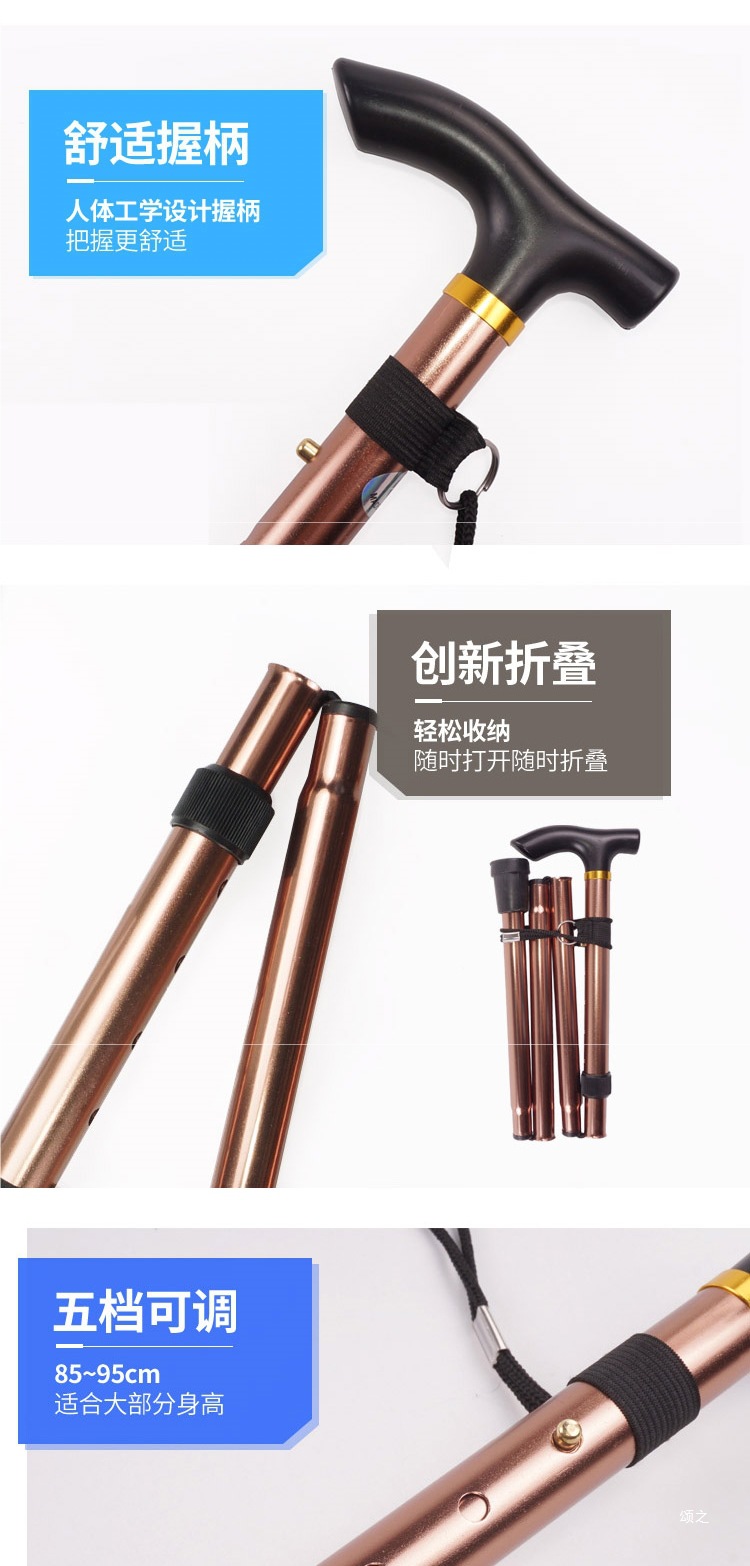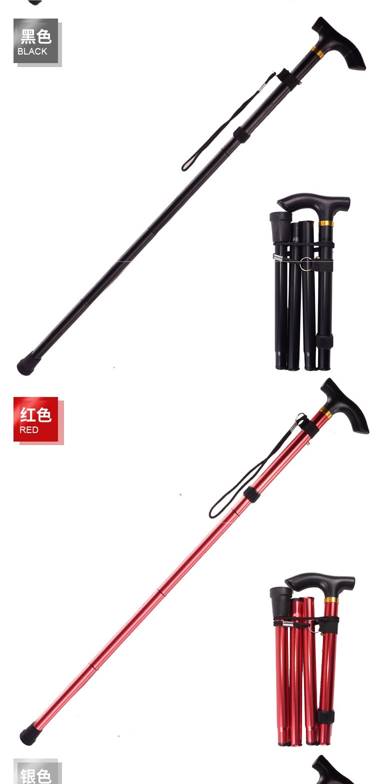 노인을위한 다기능 등산 스틱 망원경 접이식 하이킹 스틱 알루미늄 합금 미끄럼 방지 목발
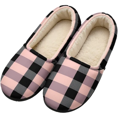 Blush pink, Dark Gray and black plaid print women's slippers emoji
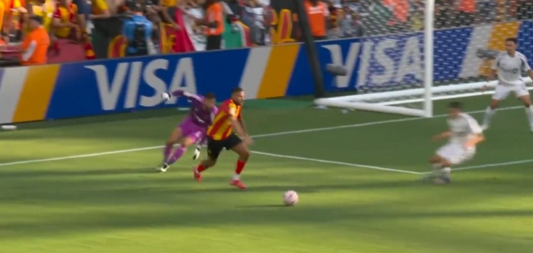 突尼斯希望领先!第70分钟,哈米达突破到禁区被破坏,贝莱利小角度得球后抽射近角,皮球从洛里两腿之间钻入网窝,洛杉矶FC0-1突尼斯希望!↓
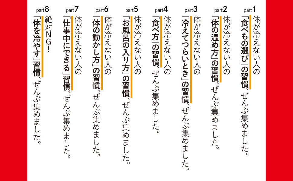 本書は、防寒グッズなどの一時的な温めではなく、食事、入浴、筋肉の使い方、姿勢、呼吸など、さまざまな視点から、冷えない体質に変われる習慣を紹介します。
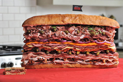 15英尺高,24英尺宽,重逾12.7公斤三明治含1445克面包,2千克意大利腊肠、火鸡肉和熏猪肉,1千克香肠,720克西班牙香肠,再点缀以沙拉酱,奶酪和小黄瓜。
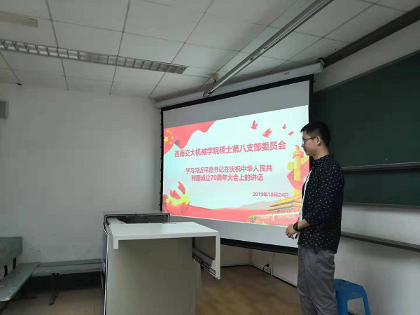 【机械党建】威尼斯7798cc硕士第八党支部开展学习“习近平总书记在庆祝中华人民共和国成立70周年大会上的讲话”主题教育活动
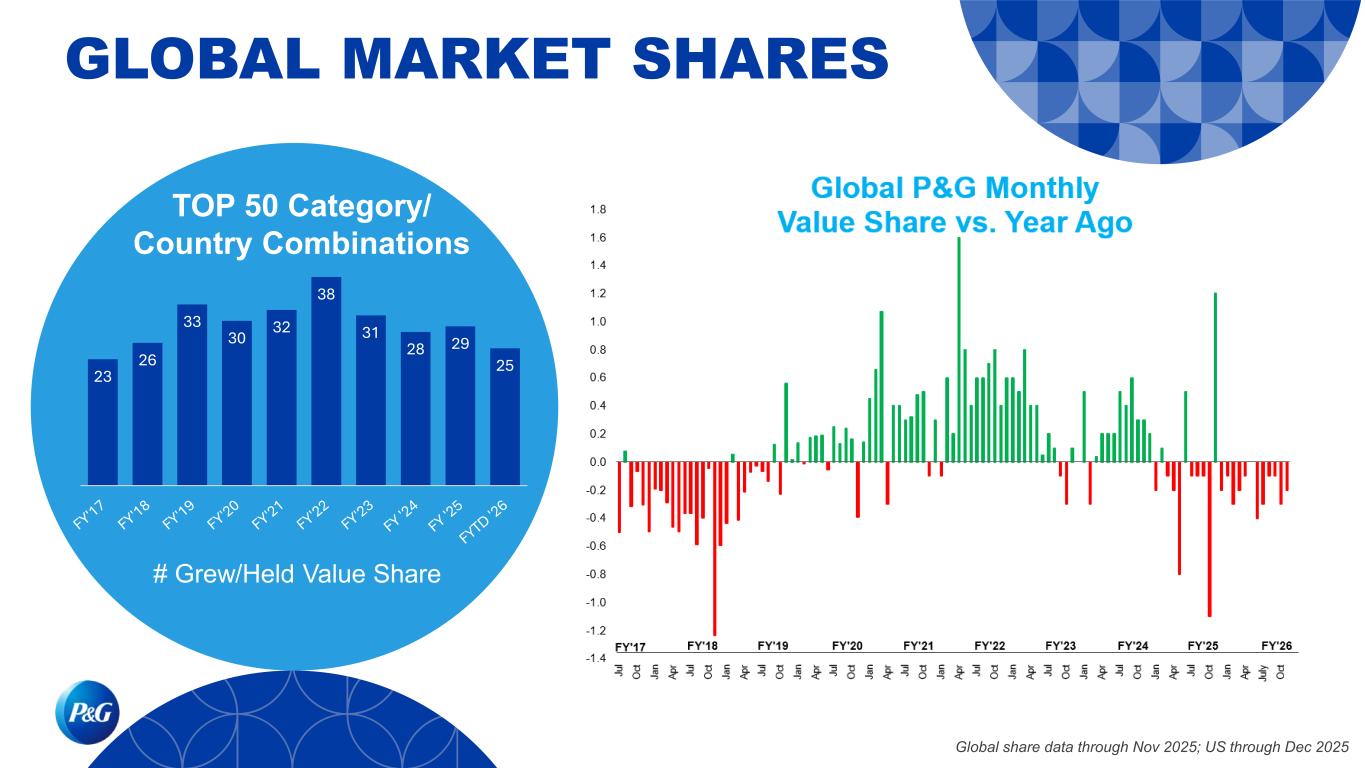 TOP 50 Category/ Country Combinations # Grew/Held Value Share 23 26 33 30 32 38 31 28 29 25 Global share data through Nov 2025; US through Dec 2025 GLOBAL MARKET SHARES
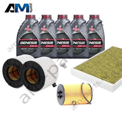 Состав набора ТО: Оригинальное моторное масло VAG Long Life III (504/507)- 5 л. Оригинальный масляный фильтр 03N115562B- 1 шт. Оригинальный воздушный фильтр 8W0133843A- 1 шт. Оригинальный угольный фильтр салона 4M0819439B- 1 шт. Пробка масляного поддона N90813202- 1 шт.
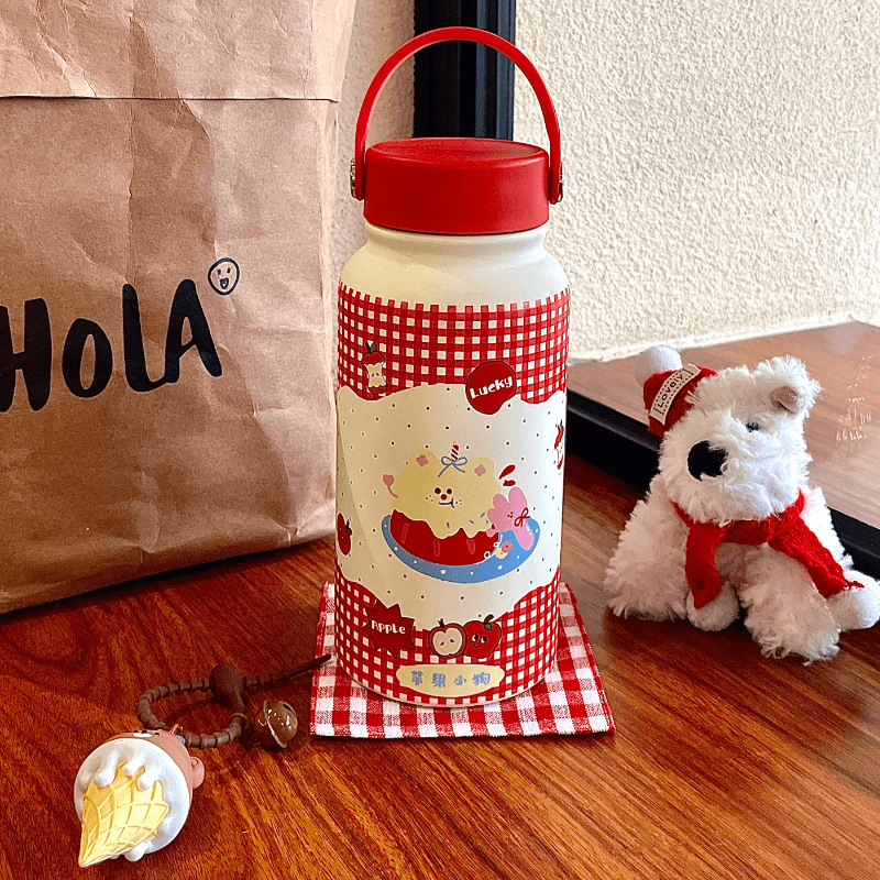 クリーム風イラスト保温カップ新型かわいいステンレスコップ女子高颜値大容量携帯水筒

********************

:: The problem ::
The exact lines from the beginning of the data through the one that contains "TOP 50 Category/" must be given again, both ends included, and pictures must be left out.

:: Your solution ::
 노인을위한 다기능 등산 스틱 망원경 접이식 하이킹 스틱 알루미늄 합금 미끄럼 방지 목발
 Blush pink, Dark Gray and black plaid print women's slippers emoji
 突尼斯希望领先!第70分钟,哈米达突破到禁区被破坏,贝莱利小角度得球后抽射近角,皮球从洛里两腿之间钻入网窝,洛杉矶FC0-1突尼斯希望!↓
 本書は、防寒グッズなどの一時的な温めではなく、食事、入浴、筋肉の使い方、姿勢、呼吸など、さまざまな視点から、冷えない体質に変われる習慣を紹介します。
 15英尺高,24英尺宽,重逾12.7公斤三明治含1445克面包,2千克意大利腊肠、火鸡肉和熏猪肉,1千克香肠,720克西班牙香肠,再点缀以沙拉酱,奶酪和小黄瓜。
 【机械党建】威尼斯7798cc硕士第八党支部开展学习“习近平总书记在庆祝中华人民共和国成立70周年大会上的讲话”主题教育活动
 TOP 50 Category/ Country Combinations # Grew/Held Value Share 23 26 33 30 32 38 31 28 29 25 Global share data through Nov 2025; US through Dec 2025 GLOBAL MARKET SHARES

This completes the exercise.